# Adjusting to positive stance



## MrDavey2Shoes (Mar 5, 2018)

Try +24 +6 I find it to be very versatile. I can land switch no problem (well no more problem than usual lol). I dont notice the board every slipping out. But I rarely flatbase, even traversing flats its best to engage an edge...


----------



## supern00b (Jan 27, 2020)

MrDavey2Shoes said:


> Try +24 +6 I find it to be very versatile. I can land switch no problem (well no more problem than usual lol). I dont notice the board every slipping out. But I rarely flatbase, even traversing flats its best to engage an edge...


Do you find that bending your knees feels way different? Bending knees with duck stance feels akin to a sumo squat, whereas bending knees in a forward stance feels more like kneeling, with the majority of my weight on my back foot.


----------



## MrDavey2Shoes (Mar 5, 2018)

Yes. Hop on into the “deep carving method” thread started by Kijima. There’s a bunch of us talking about this over there.


----------



## supern00b (Jan 27, 2020)

MrDavey2Shoes said:


> Yes. Hop on into the “deep carving method” thread started by Kijima. There’s a bunch of us talking about this over there.


Guess I gotta reread that thread; thanks for the guidance!


----------



## Kijima (Mar 3, 2019)

When you change the rear binding to a forward angle you should focus on your hips. Note how the angle of your hips changes as your back foot angle changes, try to imitate your original hip position with your new foot position. 
Usually pushing your front hip toward your toe edge will square you up again but once you ride like that for a while it will become automatic. 

You can learn all of this in your living room, I like to hold a broom stick to my hips as I change rear foot angles as it highlights the changes. 

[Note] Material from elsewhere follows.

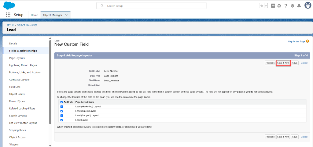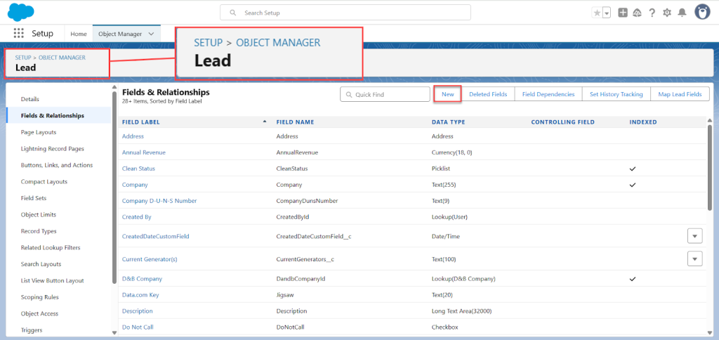 • Still in the Lead object, click Fields & Relationships > New.

And yes as you squat your weight shifts to the back which is very handy and automates the job of weighting the back of the board. If you move your hips as if you were hula hooping (anti clockwise for natural riders) you will make fast progress.


----------



## Snowdaddy (Feb 2, 2018)

supern00b said:


> Want to try double positive stance coming from a +12 -3 duck as quickly as possible (i.e., don't want to spend a large portion of the day creeping my stance angles up by 3 degrees over several runs). Any tips?
> 
> I'm mainly curious as to how ++ riders prevent the board from sliding out due to the shoulders and hips being more open. Won't this body position naturally cause the back foot to slip out from beneath you?


Sliding out how?


----------



## Kijima (Mar 3, 2019)

Snowdaddy said:


> Sliding out how?


My guess is that he stopped shifting weigh rearward when he felt the weight at his rear toe, you have to learn to let your weight pass through to the heel


----------



## drblast (Feb 28, 2017)

Be sure to adjust your stance width in from what it is duck. A wide ++ stance is very uncomfortable.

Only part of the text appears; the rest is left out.